Thought and Content:

Your explanation and analysis on this subject are excellent. We appreciate that you have shown both the benefits and drawbacks of the ideas of both freedom and equality. We also appreciate your conclusion that if we as individuals consider both freedom and equality to be valuable, then this requires the dismantling of oppressive social systems. Of course, this is more eality said than done.


Interestingly, your description of a society in the fourth paragraph sounds very much like a description of communitarian, or classic, anarchy, which holds that small communities are best able to form cooperative relations within their own community as well as with other communities without an overarching governmental structure.


Language and Structure:

In our comments on your other Task B essays, we have pointed out that there are different tasks because the two assess different things. The Task A is where your analytic abilities should shine through, but the Task B is where your qualities of empathy, emotional intelligence, and adaptability should be highlighted.

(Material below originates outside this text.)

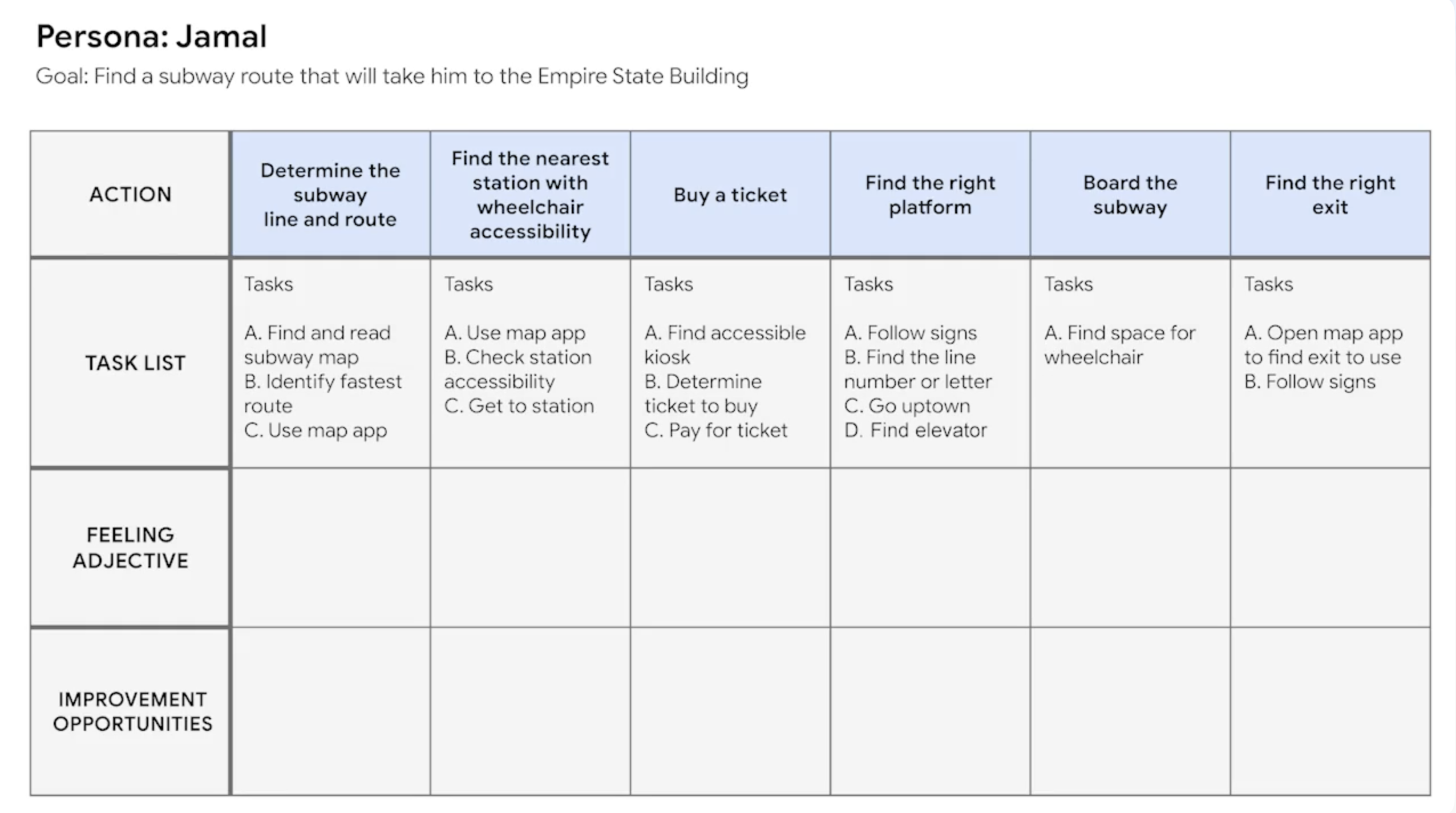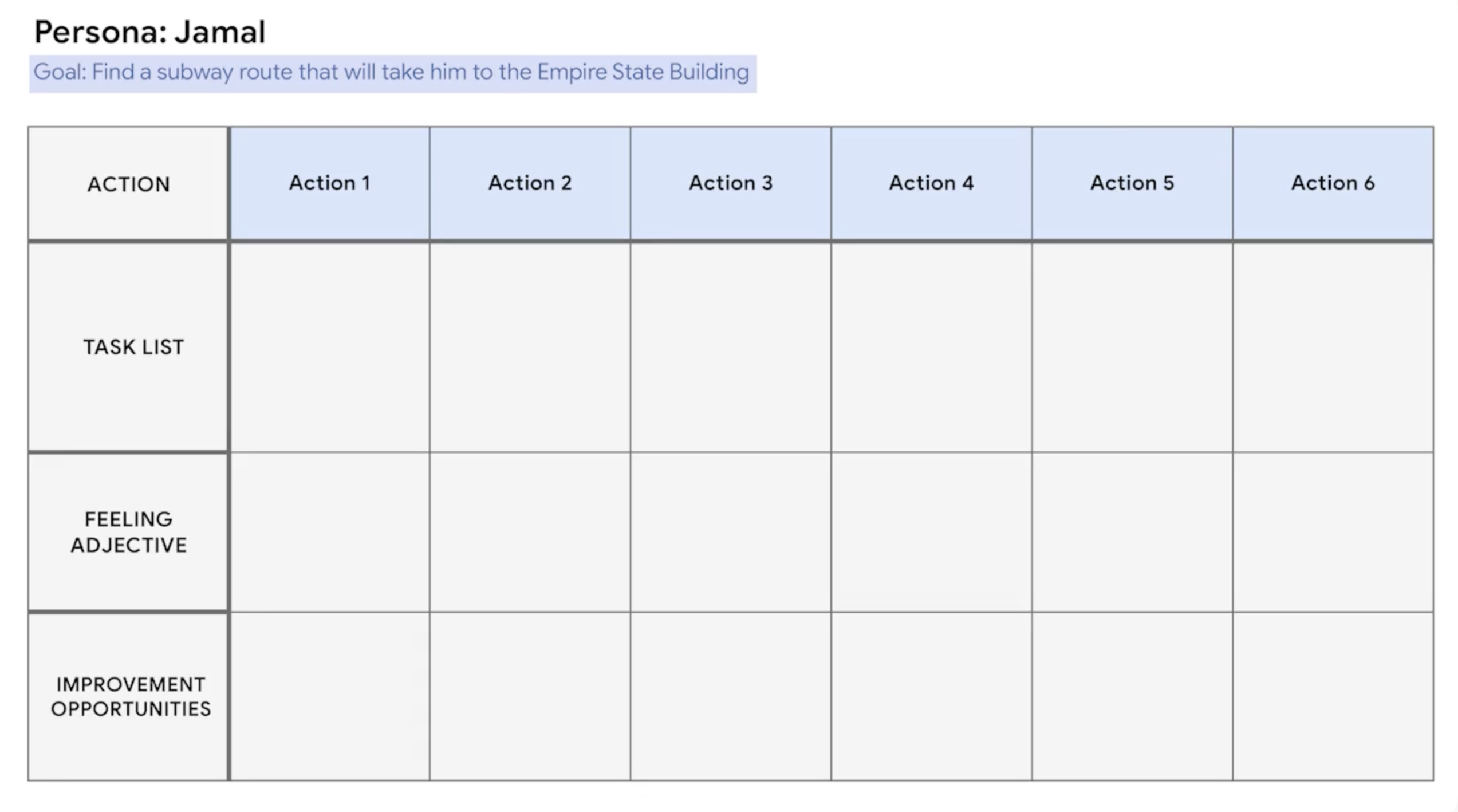 - 使用者旅程地圖是一種圖表,用來展示使用者完成目標時的各個步驟和體驗。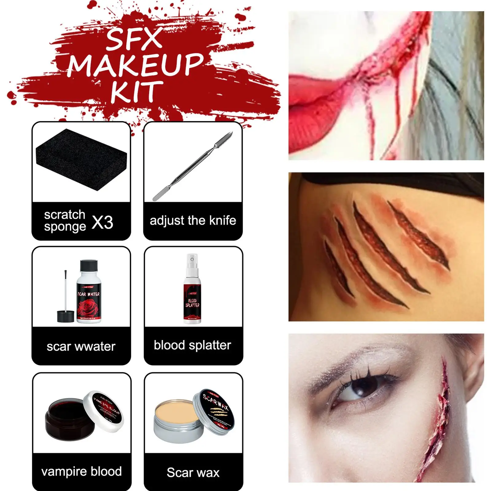 Характеристики: воск для шрамов + поддельный гель для крови + шрамовая вода + поддельный спрей для крови + губка * 3 + серебряный скребок

However, as noted, this topic has been used as a prompt for Task A essays. As a Task A, the structure here works very well. It is clear that you understand both the purpose and requirements for the Task A essay; however, you need to also be able to write a Task B essay. Keep in mind that the grades both for this service and on the GAMSAT are not looking for well-researched, well-cited, and highly knowledgeable essays on the theme of the quotes. They are looking for essays that follow the guidelines and meet the requirements and purpose of each separate task. Even the Task A essay isn’t about specific knowledge as such, it is about the ability to create arguments and to understand the validity of different perspectives on the topic. Of course, you will also usually indicate which argument you think has the most merit. But you do not need to be able to cite chapter and verse on the topics presented.


Other Comments:

This is a good argumentative essay. The suggested score is given as a Task A.